News and Opinion from Sisters, Oregon

Zone change a major step for development

The first major steps in a development that could bring 250 to 300 new homes to Sisters in the next couple of years may be taken Thursday, September 10.

The Sisters Planning Commission will hear a request from the owners of a large portion of the Forest Service property along Pine Street to change the zoning on the property to allow for residential development.

The applicant is requesting approval of a Comprehensive Plan Map Amendment to re-designate the property and a zone change from Public Facilities, Urban Area Reserve, and Open Space to Multi-Family Residential, North Sisters Business Park, Open Space and Downtown Commercial.

The special meeting will be held September 10, at 5:30 p.m., in the Sisters City Council Chambers and can be accessed by the public through Zoom (links available at Written public comment can be submitted for the record to [email protected] or dropped in the utility mail drop by 4 p.m. on Thursday, September?10.

Sisters planning staff has recommended approval of the request, with conditions. The staff report may be accessed at the link above.

Kevin Eckert of Build LLC is designing the development of 31 acres of land along Pine Street and Highway 20 for Paul Hodge and Paul and Carla Schneider of Sisters, who purchased the property that was formerly part of the U.S. Forest Service administrative site.

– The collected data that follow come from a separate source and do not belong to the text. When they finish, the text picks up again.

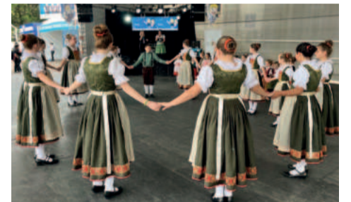
Alunos do Teutônia Cultural se apresentaram fora do município
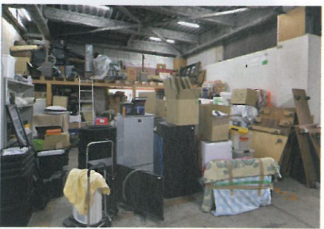
ものを無駄にせず、まだ生かせるものは生かすという考えで、リサイクルできるものは買い上げてくれる
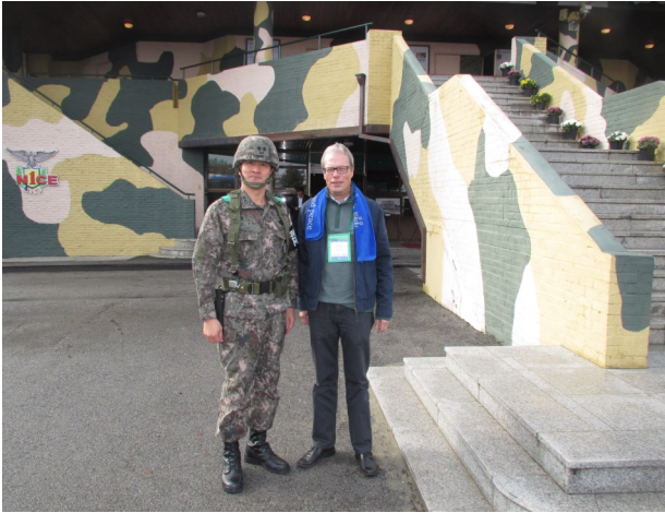
Brødremenighedens præst sammen med sydkoreansk grænsevagt på grænsen mod Nordkorea

Korea og få syn for sagen. Det gjorde stort indtryk at høre historien fra nogle af de soldater, der holder vagt ved grænsen. Meget indtryksfuldt var også musicals og skuespil, der fortalte Koreas historie. Desuden gjorde det et uudsletteligt indtryk at besøge en koreansk mega-kirke.
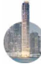
2012 The Point

Una de las torres más icónicas que se pueda ver en el cielo panameño. Premiado por Camas como el proyecto residencial más alto de Latinoamérica.
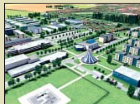
Žatec – Veřejná zóna by podle návrhu objemové zastavovací studie měla nabídnout nová sportoviště, víceúčelovou halu, kulturní dům, ubytovny i středisko duchovní služby.

Eckert told The Nugget last June that, “they just saw an opportunity for positive growth.”

Hodge, who is CEO of Laird Superfood, has long been an advocate for workforce housing that will allow people who work for a paycheck in Sisters to live in Sisters.

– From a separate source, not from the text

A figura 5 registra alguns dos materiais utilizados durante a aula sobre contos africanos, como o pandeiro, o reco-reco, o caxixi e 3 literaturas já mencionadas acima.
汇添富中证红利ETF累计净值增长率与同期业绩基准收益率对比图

Eckert said that the Sisters Woodlands development, bounded by Pine Street, West Barclay Drive, and Highway 20 (see map) will feature “cottage development” of approximately 1,500 square feet each utilizing shared open space, townhomes and home-over-garage units, and apartment or condominium-style units along Highway?20 with a significant setback from the road.

Eckert said that the cottage development plan will allow the preservation of somewhere around 200 trees.

Eckert told The Nugget that he’s been traveling in the West this summer and seen the pressures placed on small towns by people seeking a change in lifestyle.

“We need it more than ever,” Eckert said. “We need to rally as a town to keep Sisters affordable.”

The fastest possible timeline to put shovels in the ground on the development is late summer 2021.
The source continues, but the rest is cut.